• What the exercise asks: Restate the listing below word for word; no picture is to be carried over.

[Opening Input data section]

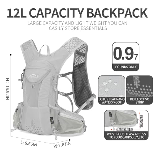 🚴【Highly Durable & Lightweight】This awesome IX INOXTO running hydration vest backpack made of scratch-resistant and wear-resistant material with a lotus leaf-like waterproof effect. 16.92”x8.66”x7.87” in size, Ergonomically fits, The weight of 0.97 lbs and capacity of 12L are the perfect match for short trips, satisfy your thirst for adventure.
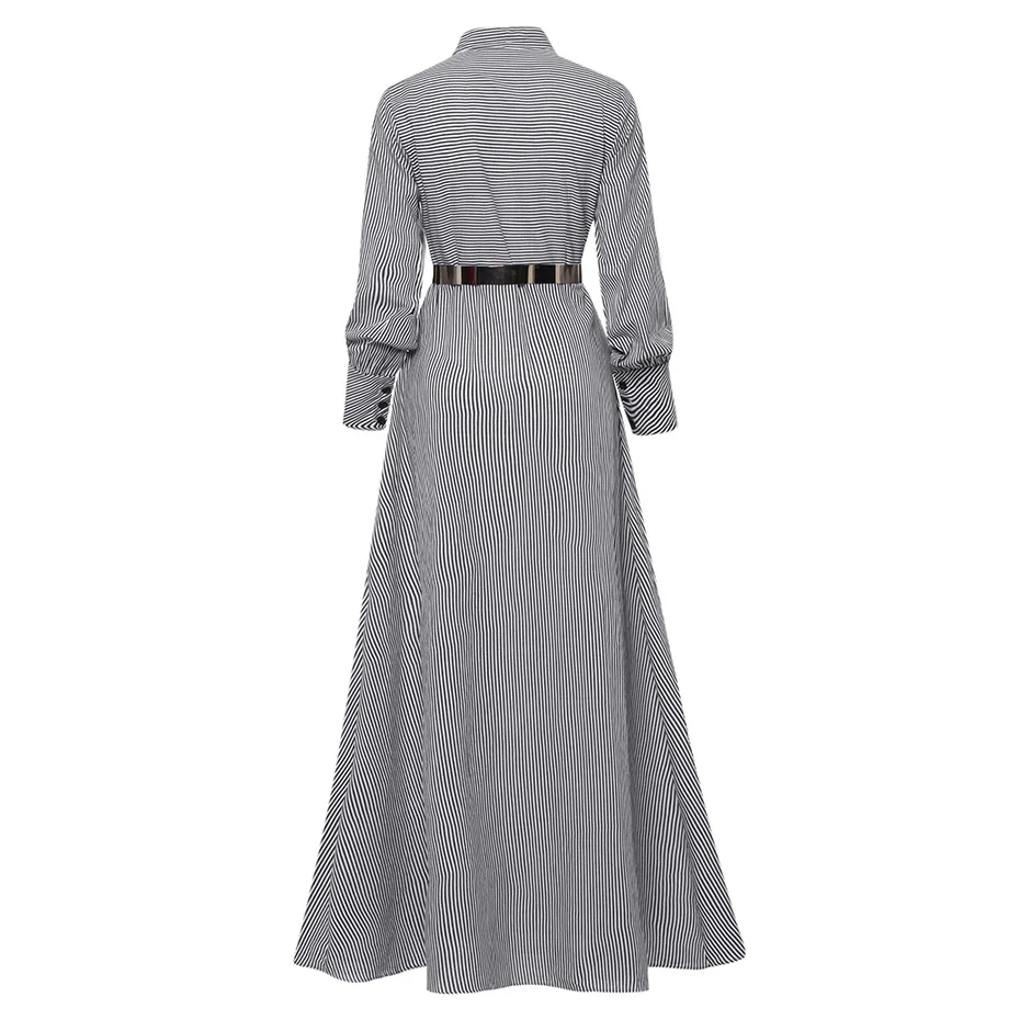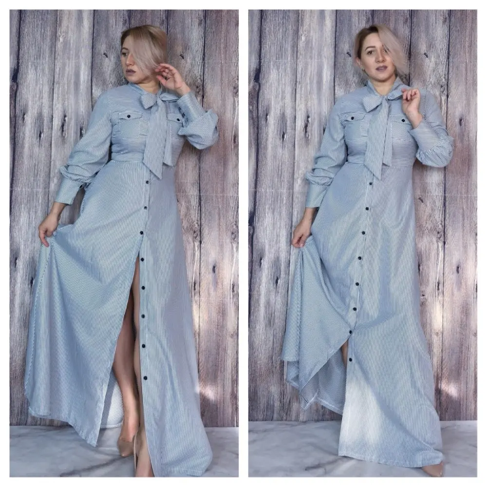 Special Offer Vestido largo a rayas largo hasta el suelo con lazo de manga larga vestido de botones suelto con bolsillos de otoño elegante Línea A vestido largo Casual para mujer Discount 55% Today!
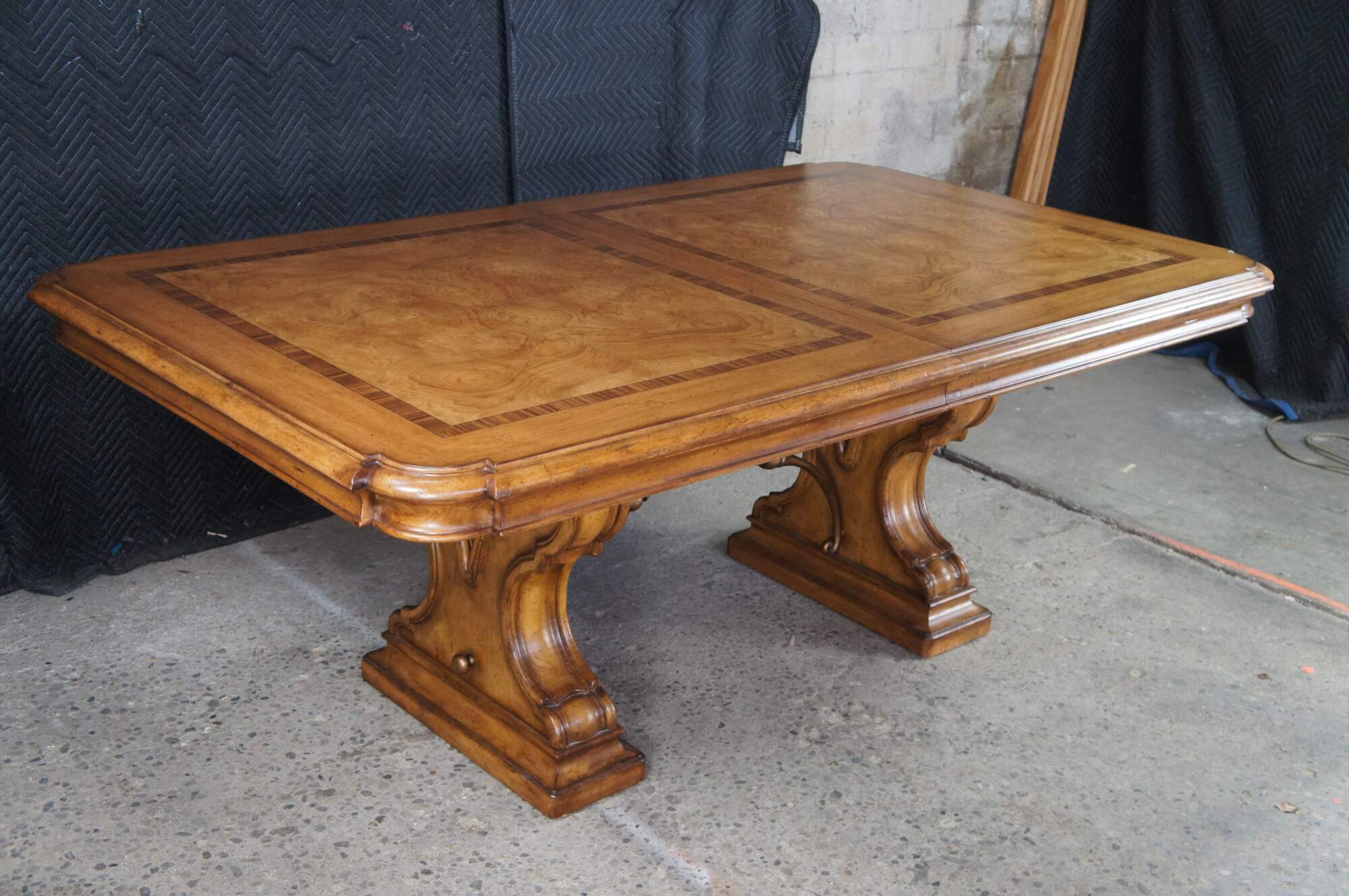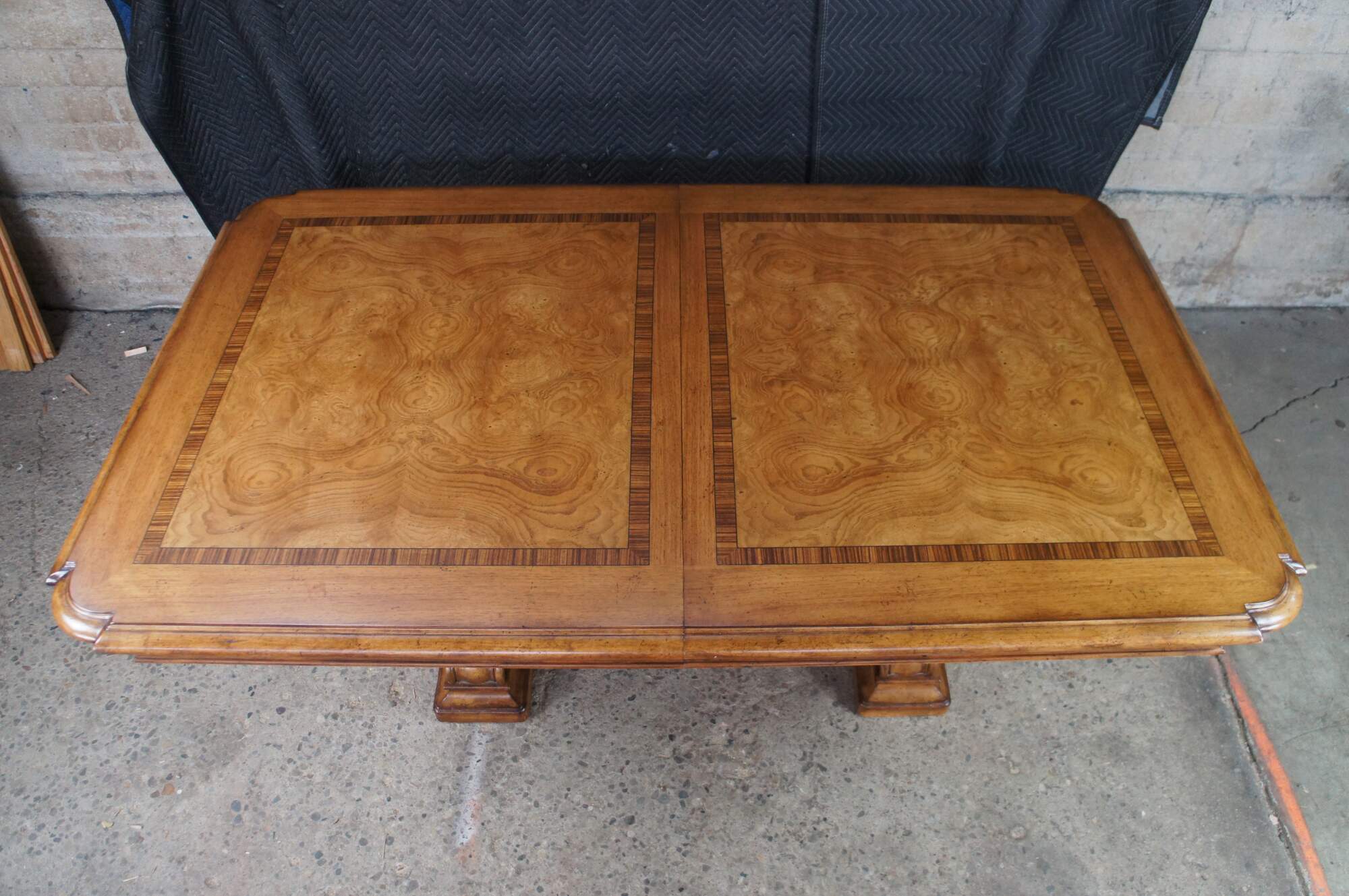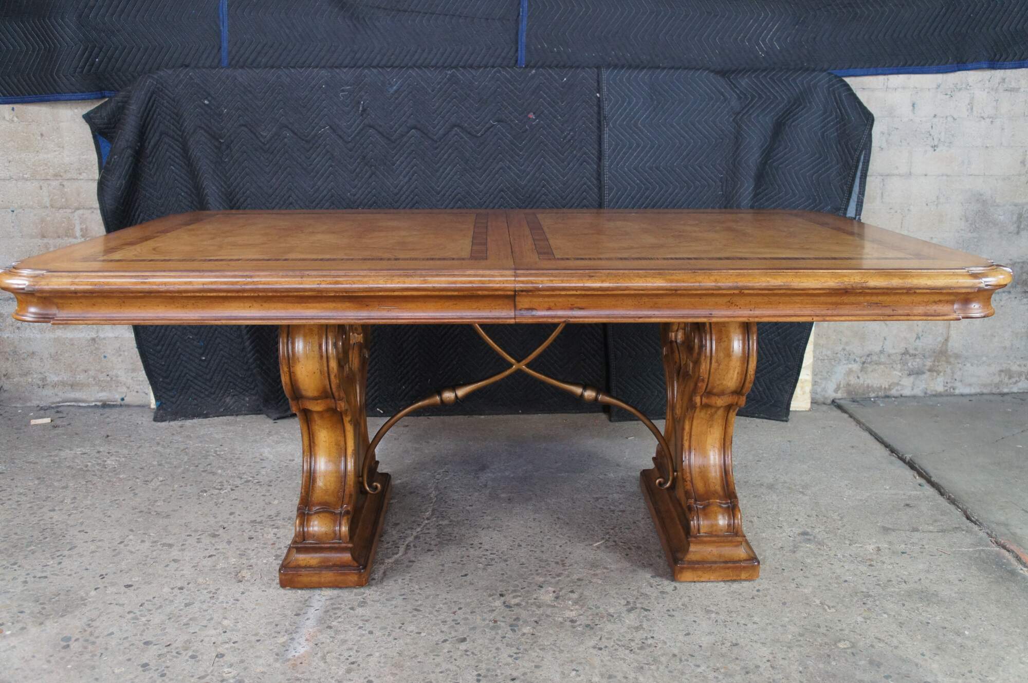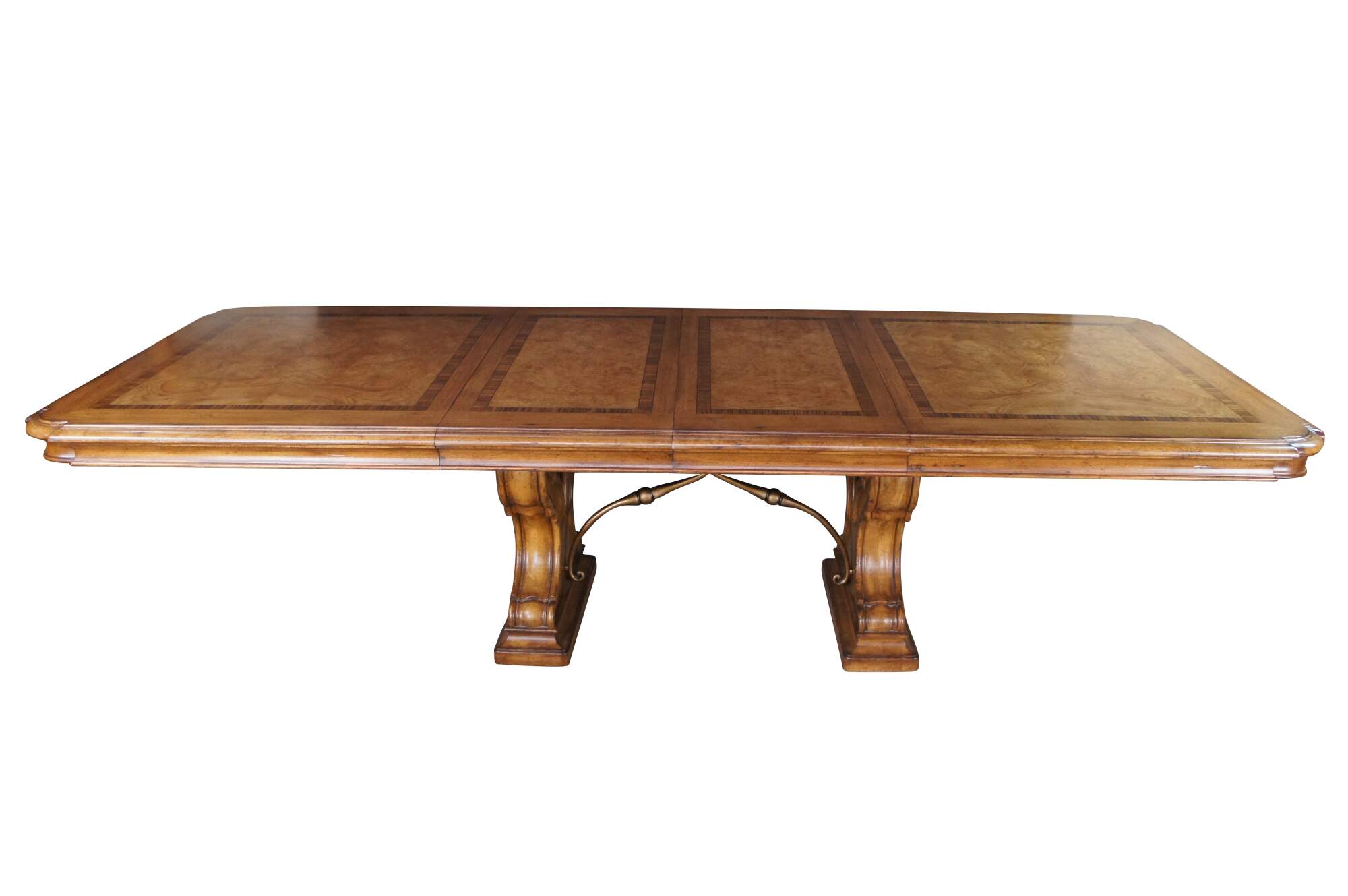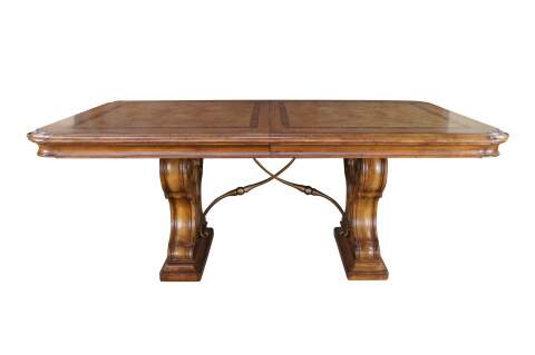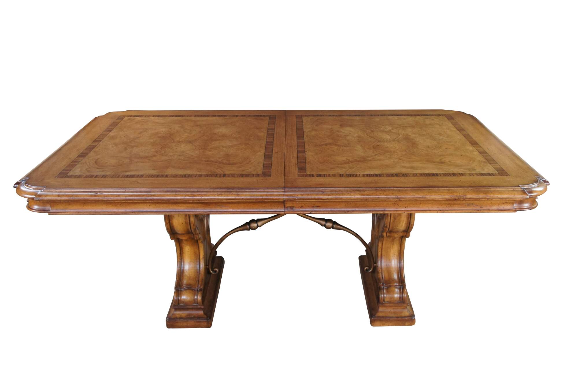 Vintage Thomasville Italian Hills of Tuscany Bibbiano dining table featuring olive ash burl, rustic pecan, and zebrawood inlay top with notched corners, and supported by a double pedestal trestle base connected by scrolled Spanish style metal stretchers. Extendable with two large leaves.

[Closing Input data section]

• Exercise response:
 🚴【Highly Durable & Lightweight】This awesome IX INOXTO running hydration vest backpack made of scratch-resistant and wear-resistant material with a lotus leaf-like waterproof effect. 16.92”x8.66”x7.87” in size, Ergonomically fits, The weight of 0.97 lbs and capacity of 12L are the perfect match for short trips, satisfy your thirst for adventure.
 Special Offer Vestido largo a rayas largo hasta el suelo con lazo de manga larga vestido de botones suelto con bolsillos de otoño elegante Línea A vestido largo Casual para mujer Discount 55% Today!
 Vintage Thomasville Italian Hills of Tuscany Bibbiano dining table featuring olive ash burl, rustic pecan, and zebrawood inlay top with notched corners, and supported by a double pedestal trestle base connected by scrolled Spanish style metal stretchers. Extendable with two large leaves.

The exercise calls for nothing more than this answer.